ASSIGNMENT:
Within the records below is a range that opens at the line with "Merilna glava za obdelovalne stroje OMP40-2" and closes at the line with "Kupci so izdelek". Return that range word for word, both ends included, and only that range.

Records from a data collection
—————
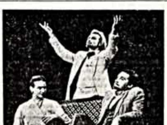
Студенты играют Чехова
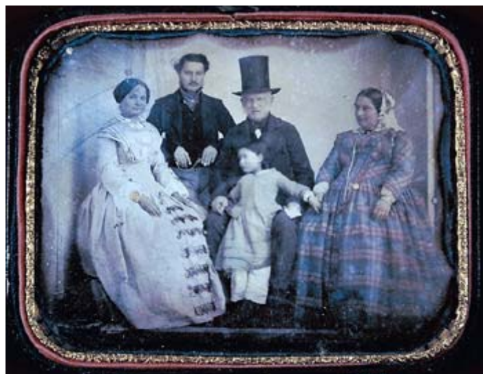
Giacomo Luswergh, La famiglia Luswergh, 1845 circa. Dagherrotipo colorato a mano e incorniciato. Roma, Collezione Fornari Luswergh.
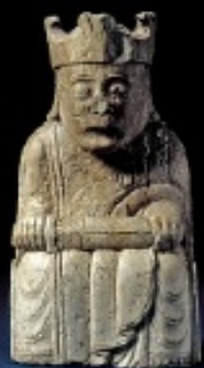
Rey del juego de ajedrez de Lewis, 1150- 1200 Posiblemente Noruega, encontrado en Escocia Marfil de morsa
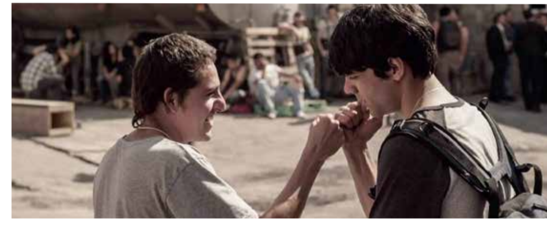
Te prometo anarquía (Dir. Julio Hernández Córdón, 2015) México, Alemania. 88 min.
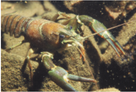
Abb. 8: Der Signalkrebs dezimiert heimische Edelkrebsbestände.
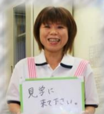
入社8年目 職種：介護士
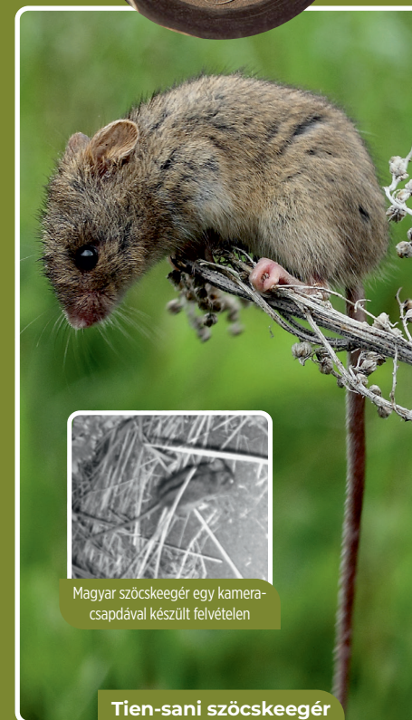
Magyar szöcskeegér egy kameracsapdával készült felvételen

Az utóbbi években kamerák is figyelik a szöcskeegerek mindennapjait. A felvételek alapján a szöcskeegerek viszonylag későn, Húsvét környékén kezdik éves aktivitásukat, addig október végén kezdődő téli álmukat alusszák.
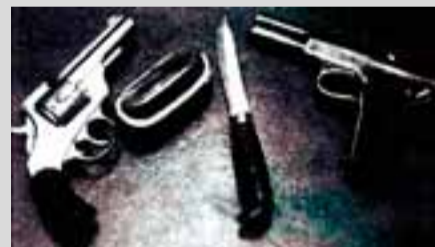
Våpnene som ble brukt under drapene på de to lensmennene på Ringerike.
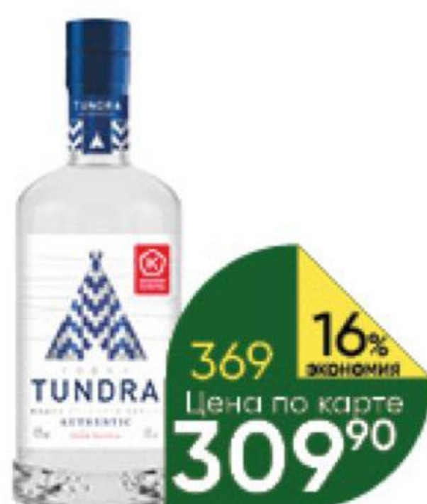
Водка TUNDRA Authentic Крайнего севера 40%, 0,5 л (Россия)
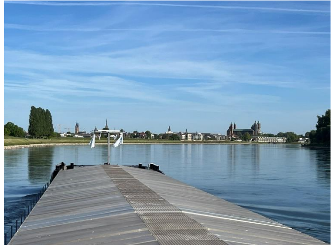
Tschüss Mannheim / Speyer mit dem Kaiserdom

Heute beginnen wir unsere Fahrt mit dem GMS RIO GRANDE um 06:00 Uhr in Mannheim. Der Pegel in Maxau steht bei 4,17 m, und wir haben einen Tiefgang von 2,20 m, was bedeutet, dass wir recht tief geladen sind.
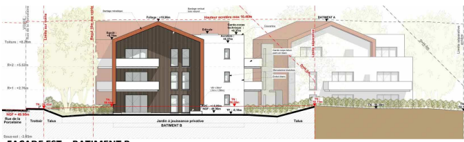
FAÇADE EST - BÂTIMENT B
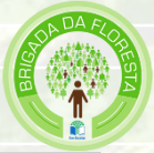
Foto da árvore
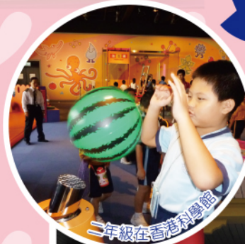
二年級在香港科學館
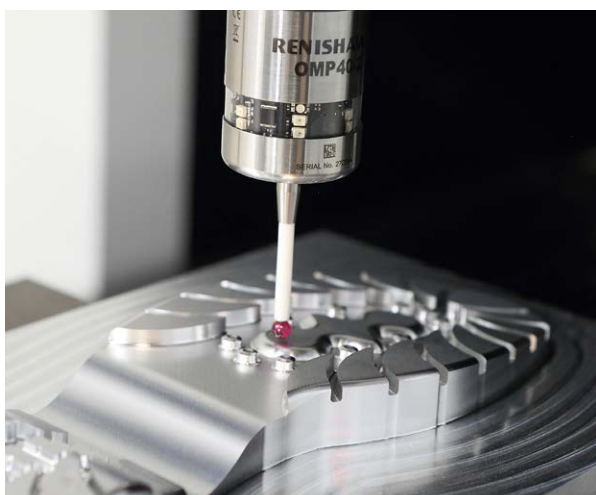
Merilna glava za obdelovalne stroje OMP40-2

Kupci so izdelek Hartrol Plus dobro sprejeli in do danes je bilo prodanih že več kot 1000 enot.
—————
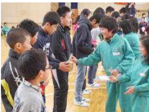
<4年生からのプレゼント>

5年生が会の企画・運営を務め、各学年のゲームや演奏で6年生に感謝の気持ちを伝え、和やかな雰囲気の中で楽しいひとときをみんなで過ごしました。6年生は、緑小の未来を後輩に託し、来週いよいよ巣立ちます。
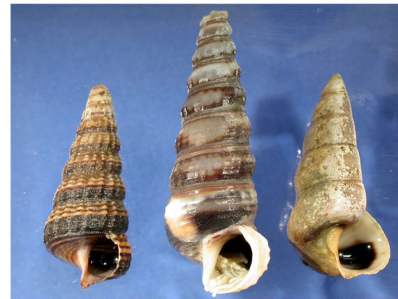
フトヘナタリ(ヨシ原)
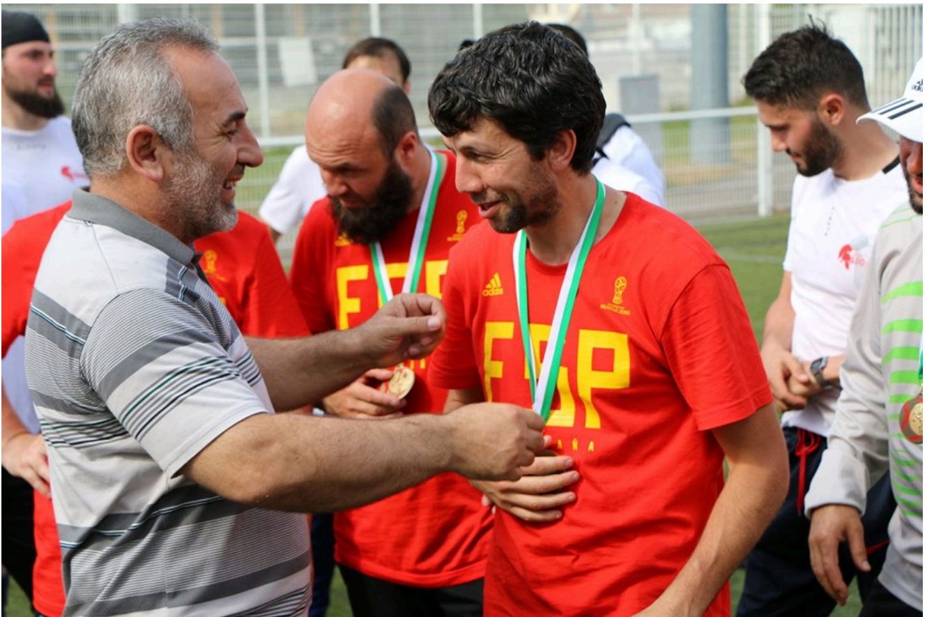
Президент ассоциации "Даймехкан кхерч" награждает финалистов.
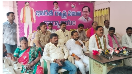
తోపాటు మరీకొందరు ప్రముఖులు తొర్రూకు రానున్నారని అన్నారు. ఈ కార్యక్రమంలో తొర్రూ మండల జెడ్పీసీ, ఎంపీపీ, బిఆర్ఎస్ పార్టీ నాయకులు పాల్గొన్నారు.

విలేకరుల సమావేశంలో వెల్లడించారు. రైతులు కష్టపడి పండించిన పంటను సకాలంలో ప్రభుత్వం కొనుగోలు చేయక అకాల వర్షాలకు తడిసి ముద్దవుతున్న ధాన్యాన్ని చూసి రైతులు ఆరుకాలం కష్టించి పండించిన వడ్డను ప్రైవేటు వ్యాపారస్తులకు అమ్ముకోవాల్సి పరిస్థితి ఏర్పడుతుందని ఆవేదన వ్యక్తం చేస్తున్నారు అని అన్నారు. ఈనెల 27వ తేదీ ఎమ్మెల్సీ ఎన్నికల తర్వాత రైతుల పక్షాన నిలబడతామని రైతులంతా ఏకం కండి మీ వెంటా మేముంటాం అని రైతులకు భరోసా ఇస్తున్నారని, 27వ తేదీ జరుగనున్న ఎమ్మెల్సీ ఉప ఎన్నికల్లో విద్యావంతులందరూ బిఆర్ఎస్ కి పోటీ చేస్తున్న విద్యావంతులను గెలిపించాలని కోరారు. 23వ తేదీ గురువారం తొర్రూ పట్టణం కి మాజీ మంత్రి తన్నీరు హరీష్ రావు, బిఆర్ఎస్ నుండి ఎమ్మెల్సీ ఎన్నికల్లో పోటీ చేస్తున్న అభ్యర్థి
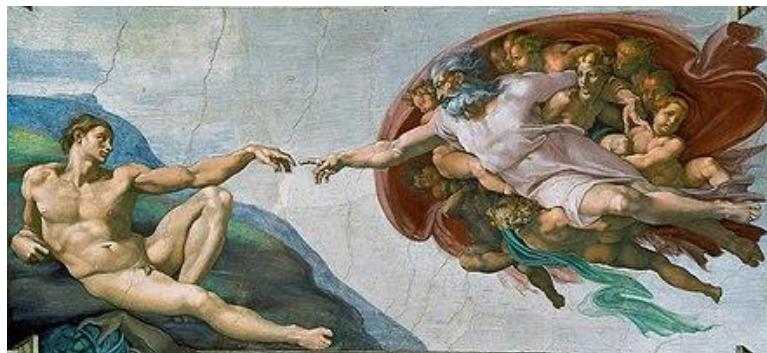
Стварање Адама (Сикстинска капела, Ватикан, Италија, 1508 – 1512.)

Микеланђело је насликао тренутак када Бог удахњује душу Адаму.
—————
ANSWER SECTION:
Merilna glava za obdelovalne stroje OMP40-2

Kupci so izdelek Hartrol Plus dobro sprejeli in do danes je bilo prodanih že več kot 1000 enot.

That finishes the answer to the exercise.